28 de junio 2011 - 00:00

Cupones bursátiles

Nos llevamos la sorpresa, al revisar -como lo hacemos con cierta periodicidad- la «tecla» del campeonato bursátil 2011, de ver que en la extensa lista de anotados y de todas las regiones, solamente una Bolsa quedaba con signo positivo al llegar a mitad de ejercicio.

Es la de Estados Unidos, el Dow Jones, que a pesar de venir perdiendo viento todavía conserva alrededor de un 3% favorable, a la rueda del viernes. Venía muy levemente acompañada por la Bolsa de Madrid, pero reciente baja, la pasa al lado negativo también.

«Todo el mundo en el riel» -diría Discépolo- sin importar calibre de mercado, o región a la que pertenece. El año se ha ido emparejando hacia abajo y si bien los de la región sudamericana ya venían mostrando pérdidas, ahora se les han sumado los europeos y los asiáticos.

Brasil

Lo peor de todo pasa por el recinto brasileño, donde el Bovespa acusa un 12% de retroceso en casi seis meses y enhebrando con un trayecto pésimo de 2010, donde había quedado afuera de un curso, donde muchos salían favorecidos. Habría que buscarlo, como motivo, por la problemática inflacionaria que se plantean allá. Y las permanentes medidas que colocan el capital, especialmente al extranjero, como para espantar a las inversiones del país vecino. El índice de México, con caída del 8,4%, le sigue en la comezón de 2011. Después el medidor japonés, el Nikkei, que acumula más de un 6% de rebaje: pero, con graves causas a la vista y -en tal sentido- resistiendo -más que bien- en su descender. Nuestro Merval se sitúa entre los que más están sufriendo el retroceso, llevando casi seis meses de actuación y teniendo que asumir en torno al 7% de comezón entre los principales papeles, ponderados en el índice mayor.
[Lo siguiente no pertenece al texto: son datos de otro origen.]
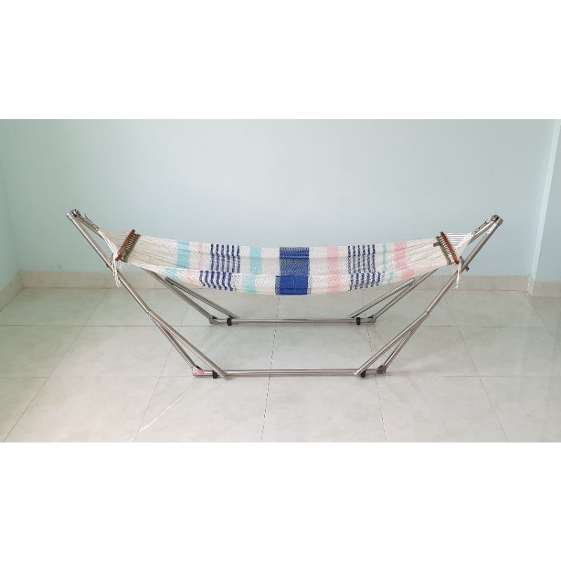 Lưu ý, chiều dài bao gồm luôn cả khoen xích. Nếu bạn đo khung võng thì chỉ đo từ cái móc treo này qua móc treo kia thôi. Võng lưới cao cấp mới treo nó sẽ hơi căng chứ không được chùng xuống như võng đã sử dụng lâu. Võng mới chưa giãn nên bạn thấy nó ngắn hơn so với võng đang dùng. Nhưng nếu bạn nằm 2-3 ngày nó sẽ giãn ra thêm 5-10cm chùng xuống là vừa nha. Đặc biệt võng lưới loại cao cấp thiết kế với độ cong ít , và sẽ cao hơn võng bình thường giúp hạn chế bị cong lưng khi nằm, và dễ dàng đứng lên ngồi xuống, cũng giống như bạn ngồi trên cái ghế cao khi đứng lên sẽ dễ dàng hơn ngồi cái ghế thấp.
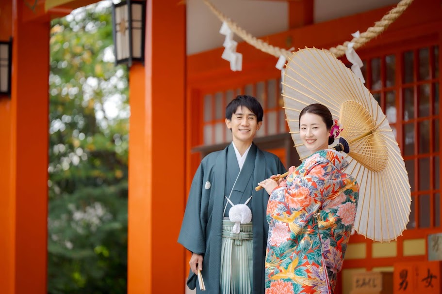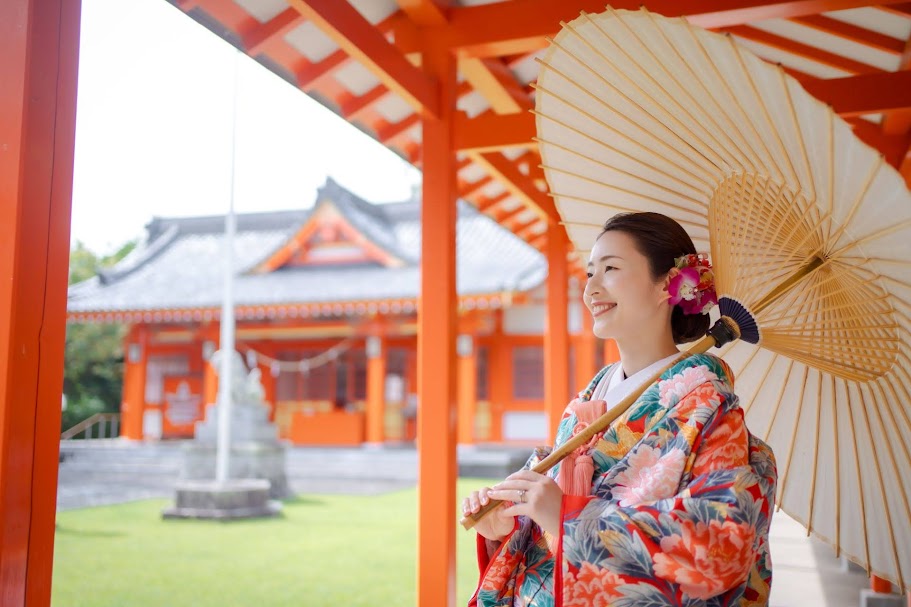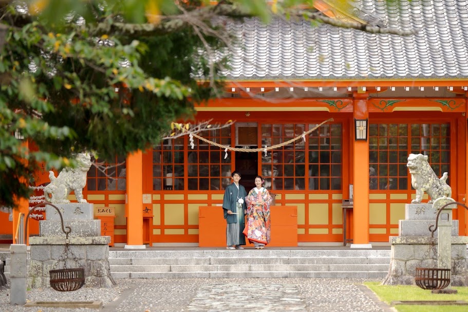 浜松駅から車で15分、アクセスのいい神社。朱色の境内や鳥居が和装姿によく映えます。

Si bien no parecen aflorar expectativas de cambio en lo inmediato, en un mundo que discute soluciones supuestas y no consigue dar con fórmulas eficaces. También se abre el camino para que las acciones vayan tomando cierto centro de la escena. Hay mucho potencial, a la espera de algunas buenas nuevas, verdaderas, que serán aprovechadas con toda intensidad en los principales centros. Y en lo local, el destino pasa por plegarse al resto, pudiendo elegir cierta cartera eficaz entre plazas que gozan de varias condiciones. No todas. Quede claro.